TASK REQUIREMENTS: The printed result should hold only the lines from the opening of the data through the line bearing "Automuto 4Pcs Rear", exactly as given and without pictures.

EXERCISE INPUTS:
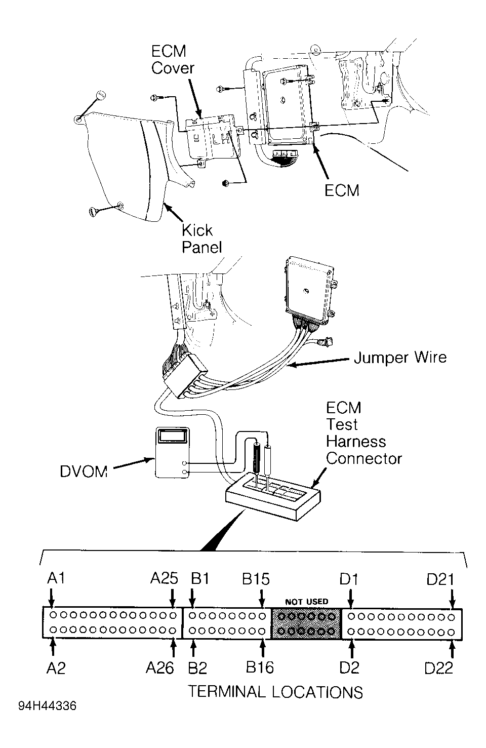 3. Check for continuity between test terminal D6 and Blue/Black wire terminal. If continuity is not present, repair open in Blue/Black wire between VTEC pressure switch connector and ECM. If continuity is present, check for continuity between test terminal D6 and body ground. If continuity is present, repair short in Blue/Black wire between VTEC presure switch connector and ECM. See Figure. If continuity is not present, go to step 4).
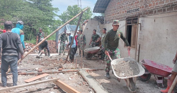 Magetan – Guna terciptanya sinergitas TNI bersama rakyat, Anggota Koramil 0804/10 Kawedanan, Kodim 0804/Magetan, Serda Hariyanto beserta 5 anggota melaksanakan karya bakti membantu pembangunan rumah milik warga binaannya di Desa Garon Kecamatan Kawedanan, Kab Magetan, Rabu (31/12/2025).
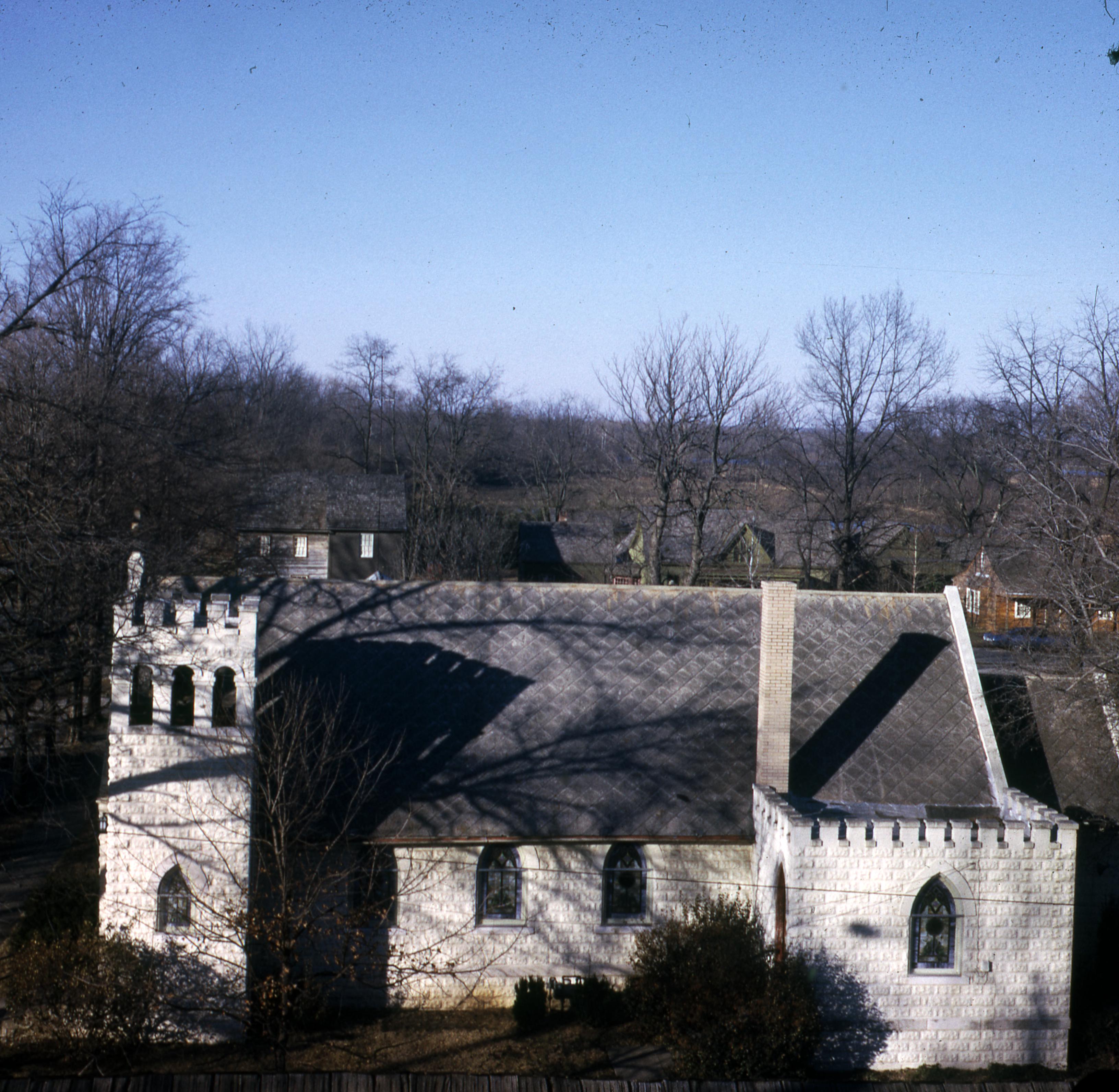St. Stephen's Episcopal Church: The church was first organized in 1841 and in 1843 the west wing of the old Rappite church was given for use by the Episcopal�s by Alexander and Anne Maclure. At this time the old burial ground was also given to the church, which was bought back by the Rappites in 1846. Then in 1850 the Episcopal�s sold the west wing of the old Rappite Church for $1000 and in 1854 St. Stephen�s Church was constructed, the North Street location where the Lenz House now resides.1888 saw the construction of a new belfry add to the church to accommodate the new bell. In 1911 the new church was built, and an addition was made to it in 1927. The church is still present as of 2022. This is a photo of the church, possibly taken from the roof of the Dyer House next door, or possibly from the upper floor of the Rappite Community House No. 2.
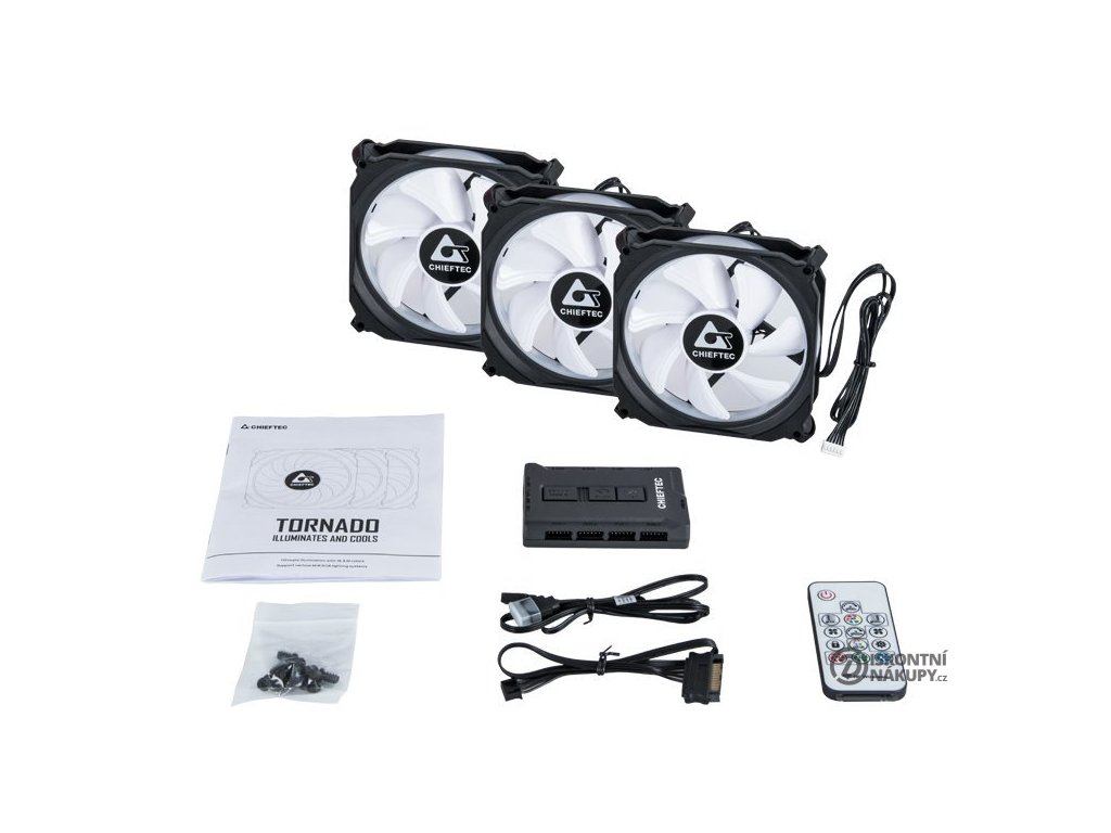 CHIEFTEC sada ventilátorů Tornado / 3x 120mm fan / RGB LED / RGB ovladač / Dálkové ovládání / ultratichý 16 dBa CF-3012-RGB
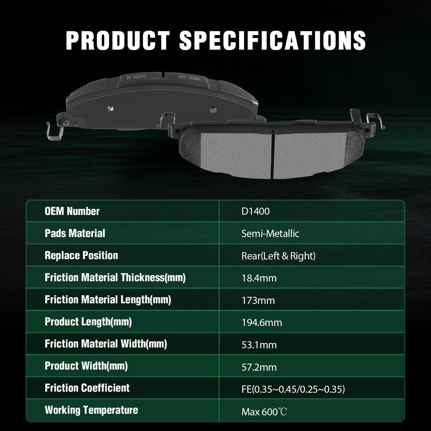 Automuto 4Pcs Rear Semi-Metallic Disc Brake Pads Set D1400 For Dodge Ram 1500, 2500, 3500 Promaster
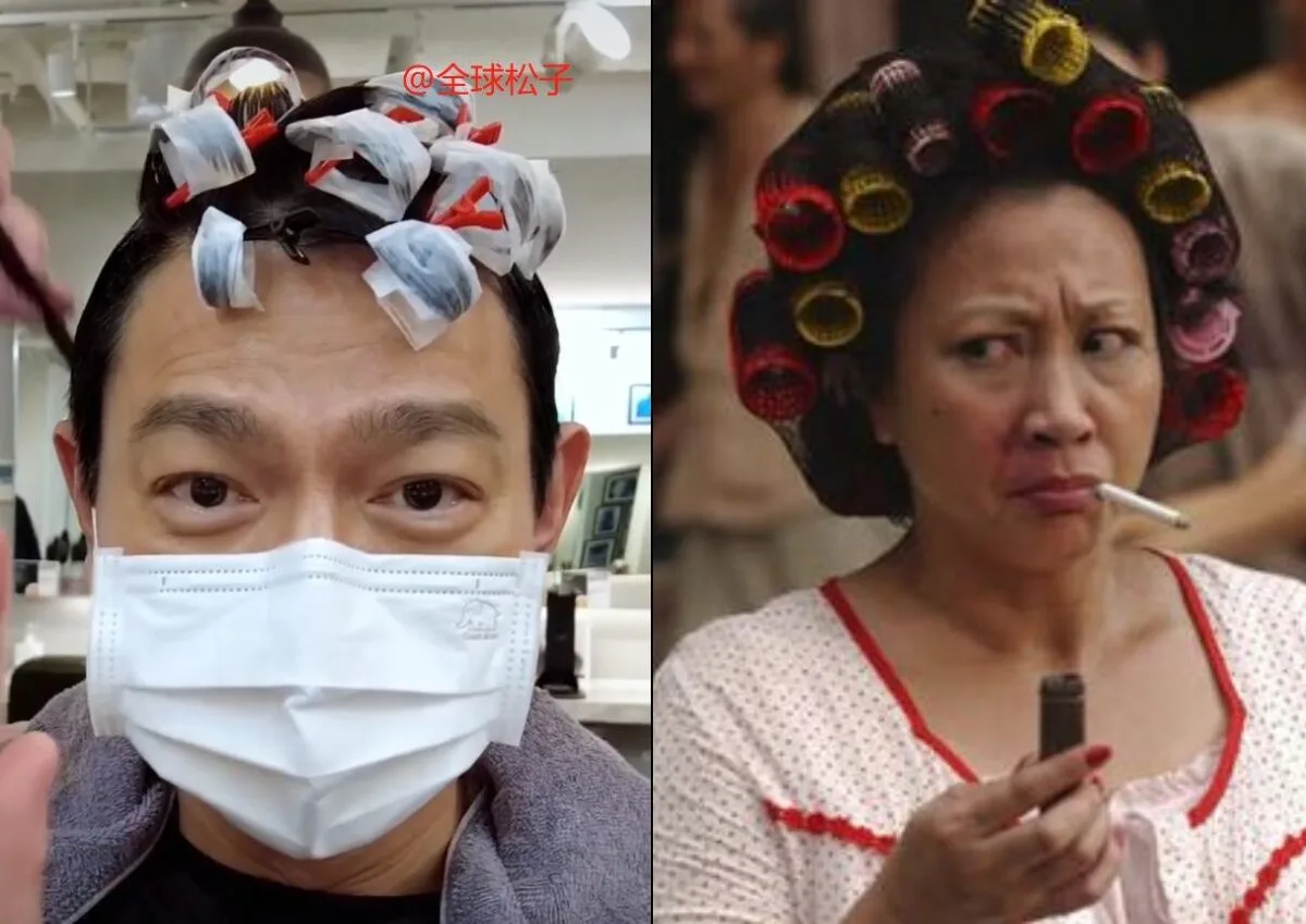 Although Lau looked fairly calm when seated in the barber chair, his clasped fidgeting hands gave him away. He let the hairstylist roll his hair into curls, even taking a moment to wave at his watching fans. Many were amused to see the star sitting with rolls in his hair. Some commented he resembled the landlady played by Yuen Qiu (元秋) in “Kung Fu Hustle”.
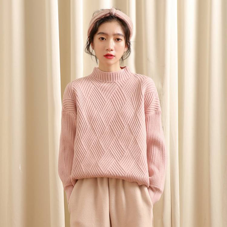 针织衫纯色百搭chic上衣秋冬2018新款韩版学生宽松半高领毛衣女装
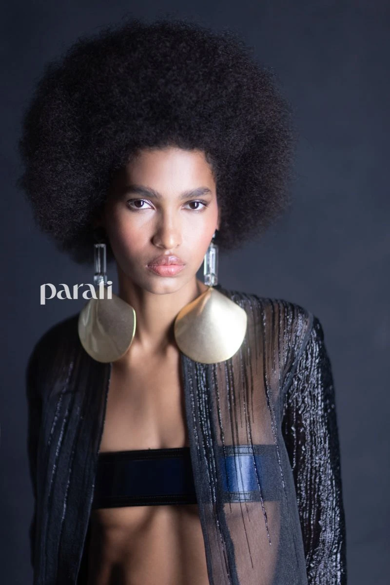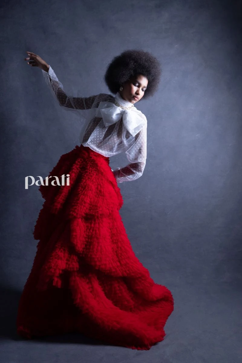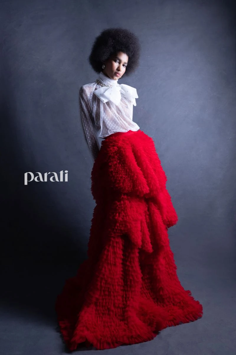 La blusa con cuello alto de plumetí totalmente transparente tiene luz propia e ilumina dejando con un lúdico moño extra large en el frente. La falda es amplia e irregular con miles de volados que parecen tener vida propia al caminar. Los complementos son ligeros y con presencia: caramelos de cristales de colores pastel en el cuello y vistiendo las orejas.

EXERCISE OUTPUT:
 3. Check for continuity between test terminal D6 and Blue/Black wire terminal. If continuity is not present, repair open in Blue/Black wire between VTEC pressure switch connector and ECM. If continuity is present, check for continuity between test terminal D6 and body ground. If continuity is present, repair short in Blue/Black wire between VTEC presure switch connector and ECM. See Figure. If continuity is not present, go to step 4).
 Magetan – Guna terciptanya sinergitas TNI bersama rakyat, Anggota Koramil 0804/10 Kawedanan, Kodim 0804/Magetan, Serda Hariyanto beserta 5 anggota melaksanakan karya bakti membantu pembangunan rumah milik warga binaannya di Desa Garon Kecamatan Kawedanan, Kab Magetan, Rabu (31/12/2025).
St. Stephen's Episcopal Church: The church was first organized in 1841 and in 1843 the west wing of the old Rappite church was given for use by the Episcopal�s by Alexander and Anne Maclure. At this time the old burial ground was also given to the church, which was bought back by the Rappites in 1846. Then in 1850 the Episcopal�s sold the west wing of the old Rappite Church for $1000 and in 1854 St. Stephen�s Church was constructed, the North Street location where the Lenz House now resides.1888 saw the construction of a new belfry add to the church to accommodate the new bell. In 1911 the new church was built, and an addition was made to it in 1927. The church is still present as of 2022. This is a photo of the church, possibly taken from the roof of the Dyer House next door, or possibly from the upper floor of the Rappite Community House No. 2.
 CHIEFTEC sada ventilátorů Tornado / 3x 120mm fan / RGB LED / RGB ovladač / Dálkové ovládání / ultratichý 16 dBa CF-3012-RGB
 Automuto 4Pcs Rear Semi-Metallic Disc Brake Pads Set D1400 For Dodge Ram 1500, 2500, 3500 Promaster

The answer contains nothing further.